Deswegen haben Bischöfe früher vor ihren Namen kein Kreuz sondern ein T gezeichnet - Bischof Kamphaus hat dies bis in die Gegenwart hinein gemacht - T für Tapenius (= der Gehorsame). In Papstnamen finden wir das noch in der Bezeichnung "Servus servorum Dei" (= Diener der Diener Gottes): Im Gehorsam das Ohr ganz beim Menschen und das Ohr ganz bei Gott haben.
Ich glaube, dass die Kirche zu lange Zeit eine redende Kirche war. Sie wächst langsam hinein in den Dienst, eine gehorsame Kirche zu sein. Ich glaube, dass Gott uns die Möglichkeit schenkt, unsere Strukturen neu zu überdenken im Gehorsam gegenüber der Wirklichkeit.
Die Wirklichkeit ist keine Störung vom Eigentlichen. Das, was ist, ist der Ort wo Gott wohnt. Wir haben genau darauf zu hören und haben uns dahinein neu aussenden zu lassen. Die Gegenwart ist eine Einladung zum Hören. Was ist jetzt dran? Jeder von uns ist verpflichtet mit zuhören. Das geschwisterliche Hören, die Solidarität, ist eine Einladung, sich gemeinsam auf den Weg zu machen. Wer Hören will, muss sich verwandeln.
"Ich höre dir zu"
Weil ich dir zuhöre, Welt, wie es dir geht, weil ich dir zuhöre, Welt, was du zu leiden hast, suche ich nach neuen Wegen. Ich höre dir zu: Millionen von Arbeitslose, Millionen Kinder, die ohne intakte Familie aufwachsen müssen. Scheidungen, wohin das Auge blickt, Arbeitsverträge, wo Leute 3,30 ?/Stunde verdienen. Ich höre dir zu - Welt. Ich will es hören. Du darfst es mir sagen. Du darfst bei mir auftauchen und an mein Ohr gehen. Es darf mir zu Ohren kommen und ich werde nicht umkippen, in der Kraft dessen, der mir sein Ohr leiht.

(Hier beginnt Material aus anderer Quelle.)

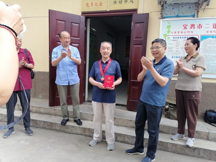 黨委副書記沈?yàn)槊駷橥诵蔹h員王體澤同志頒發(fā)“光榮在黨50年”紀(jì)念章。

Die Menschen warten darauf, dass man ihnen zuhört.
Es ist keine Frage von zu vielen Fernseh- und Radioprogrammen, dass wir nicht mehr hören. Wir Kapuziner sind dabei zu überlegen, wie können wir mehr zuhören. Als ich in den Orden eintrat, waren wir noch 260 Brüder, jetzt sind wir noch 100. 40 Brüder sind über 70 Jahre, wir sind jetzt schon so alt wie Deutschland in 25 Jahren. Dennoch, wir haben ein Zeugnis zu geben. Wir haben uns zu fragen, was willst du Herr, das ich tun soll? Was willst du Herr, uns damit sagen? Was heißt das, das wir so viele alte Brüder haben? Wir müssen überlegen, wo können wir bleiben, wo müssen wir gehen? Wir müssen die Wirklichkeit umarmen.
"Ich höre dir zu"
Die Kunst des Zuhörens bedarf einer Einübung in die Stille. Als Kapuziner bin ich jeden Tag eine Stunde in der Meditation. Die Kapuziner haben diese lange Tradition, des in der Kontemplation Zuhörens und dann wieder Hinausgehens in die Welt. Vielleicht brauchen wir in der Kirche neue Punkte, neue Orte der Stille. Was wäre mit einem Pfarrgemeinderatsbeschluss, dass nach jeder Kommunion eine Viertelstunde Stille ist? Vielleicht kann man dann nach der Messe beim Frühschoppen auch darüber sprechen: Was hat er mir gesagt? Wozu sendet er uns? Was müssen wir tun? Es wird nicht immer angenehm sein, was dann zu Tage tritt. Denn wie gesagt, Hören ist gefährlich.
"Ich höre dir zu" - Wer nicht hören will, muss fühlen.
Anmerkungen
(1) Friedemann Schulz von Thun, Miteinander reden, Bd. 1, Störungen und Klärungen. Allgemeine Psychologie der Kommunikation. Reinbek bei Hamburg 1981 u.ö.